And the hallucinogenic compounding of Hazel's last night with the television programming
has to be considered daring. PF, as a poem, pretty much succeeds or fails based on
the reader's reaction to that device.
I like the TV bits, but my favorite part is the end of Canto 3.
[snip again]
(The hopelessly archaic Ruy Lopes, the Spanish,
was nevertheless Fischer's favorite opening.
Long live the preterists!)
Not to get pedantic or off-topic--the Ruy Lopez is old but I don't think it's ever been archaic. It was played over and over in world-championship matches after Fischer retired (Karpov, Korchnoi, Kasparov, Kramnik) and is still popular.
[...]
As you say there is a balancing going on through out all of Pale Fire, the poem,
between irony and parody on one side and pathos and authentic emotion on the other.
VN/Shade wants the reader to be moved by Hazel's suicide, but not too moved, not to tears,
and so the humorously unlikely place names, Exe to Wye, are mentioned right in the middle
of the pathetic climax. Very Shakespearean I'd say. I pray you, remember the porter.
John Morris wrote:
Most signficant of all, the poem is, let's face it, Nabokovian in the highest
degree!
As I hinted above, I agree completely (though I disagree with John Morris about much of Canto 3).
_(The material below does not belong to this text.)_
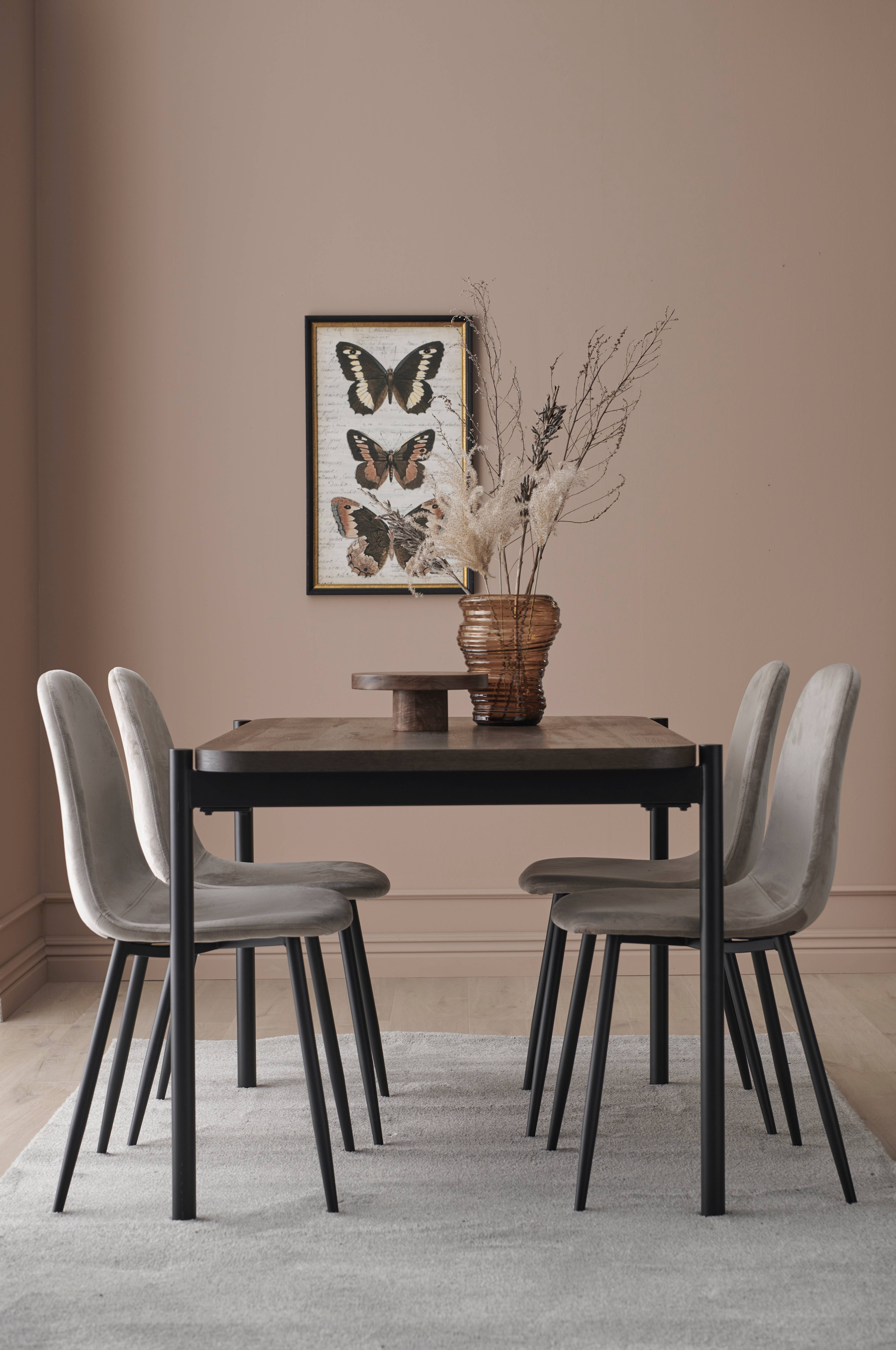 Spisegruppe med et bord og fire stole. Bordet har pulverlakerede metalben og en plade i folieret MDF. Stole med pulverlakerede metalben. Sæde med fløjlspolstring og skumfyld.

The alternation of prosaic and poetic language is just what Nabokov does in "An Evening of Russian Poetry". (People have suggested here that I underestimate Nabokov's irony, and maybe I'm doing so again with that poem--but again I don't think so.)
Likewise, I think the Exe-Wye-zesty play is not only Shakespearean but Nabokovian. In /Speak, Memory/ he relates a pathetic incident from his country's and his own great disaster, the Soviet revolution, and says the important thing for him is the recurrence of the match theme. As Brian Boyd points out in another context, in the killing of Shade Nabokov makes "shambolic farce" out of the murder of his father. So I'd say Shade can play with alphabetical coincidences while writing about his daughter's suicide, and Nabokov doesn't mean it to be bad poetry, however much some readers dislike it.
Furthermore, Shade is working toward the climax of the poem, the part of the book that justifies both his "combinational" method and Nabokov's: his coming to believe that just such coincidences are intimations of immortality. We can see in retrospect that while he narrates Hazel's death, he hints at his hope that she "somewhere is alive."